◆ **Exercise**
Your reply should reproduce all the data below exactly while excluding the pictures.

◆ **Collected material**
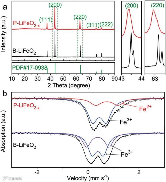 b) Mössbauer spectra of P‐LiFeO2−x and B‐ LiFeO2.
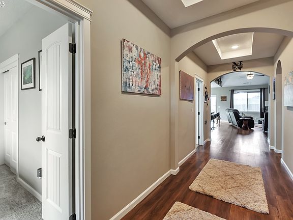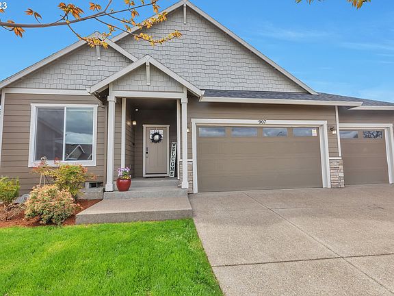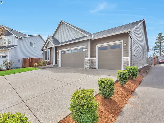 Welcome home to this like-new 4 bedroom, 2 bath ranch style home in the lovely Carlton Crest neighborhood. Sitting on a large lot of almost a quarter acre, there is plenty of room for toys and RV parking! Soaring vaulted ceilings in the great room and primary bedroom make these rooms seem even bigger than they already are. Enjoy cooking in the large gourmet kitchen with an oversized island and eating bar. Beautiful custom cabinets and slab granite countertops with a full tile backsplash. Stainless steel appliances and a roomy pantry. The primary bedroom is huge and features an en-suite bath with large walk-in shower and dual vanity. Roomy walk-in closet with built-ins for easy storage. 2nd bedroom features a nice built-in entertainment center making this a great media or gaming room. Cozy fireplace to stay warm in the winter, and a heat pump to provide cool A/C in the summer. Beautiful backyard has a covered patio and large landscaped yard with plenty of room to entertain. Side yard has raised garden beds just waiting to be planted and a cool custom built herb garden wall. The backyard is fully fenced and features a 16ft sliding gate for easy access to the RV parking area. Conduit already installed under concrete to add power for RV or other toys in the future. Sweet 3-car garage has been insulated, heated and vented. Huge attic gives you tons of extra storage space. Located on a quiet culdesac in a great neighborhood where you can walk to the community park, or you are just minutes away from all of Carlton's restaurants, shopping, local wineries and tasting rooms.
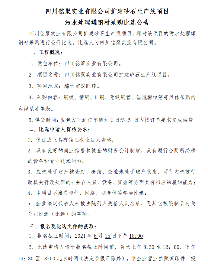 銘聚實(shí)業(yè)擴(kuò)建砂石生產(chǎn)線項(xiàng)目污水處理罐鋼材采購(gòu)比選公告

◆ **Output below**
 b) Mössbauer spectra of P‐LiFeO2−x and B‐ LiFeO2.
 Welcome home to this like-new 4 bedroom, 2 bath ranch style home in the lovely Carlton Crest neighborhood. Sitting on a large lot of almost a quarter acre, there is plenty of room for toys and RV parking! Soaring vaulted ceilings in the great room and primary bedroom make these rooms seem even bigger than they already are. Enjoy cooking in the large gourmet kitchen with an oversized island and eating bar. Beautiful custom cabinets and slab granite countertops with a full tile backsplash. Stainless steel appliances and a roomy pantry. The primary bedroom is huge and features an en-suite bath with large walk-in shower and dual vanity. Roomy walk-in closet with built-ins for easy storage. 2nd bedroom features a nice built-in entertainment center making this a great media or gaming room. Cozy fireplace to stay warm in the winter, and a heat pump to provide cool A/C in the summer. Beautiful backyard has a covered patio and large landscaped yard with plenty of room to entertain. Side yard has raised garden beds just waiting to be planted and a cool custom built herb garden wall. The backyard is fully fenced and features a 16ft sliding gate for easy access to the RV parking area. Conduit already installed under concrete to add power for RV or other toys in the future. Sweet 3-car garage has been insulated, heated and vented. Huge attic gives you tons of extra storage space. Located on a quiet culdesac in a great neighborhood where you can walk to the community park, or you are just minutes away from all of Carlton's restaurants, shopping, local wineries and tasting rooms.
 銘聚實(shí)業(yè)擴(kuò)建砂石生產(chǎn)線項(xiàng)目污水處理罐鋼材采購(gòu)比選公告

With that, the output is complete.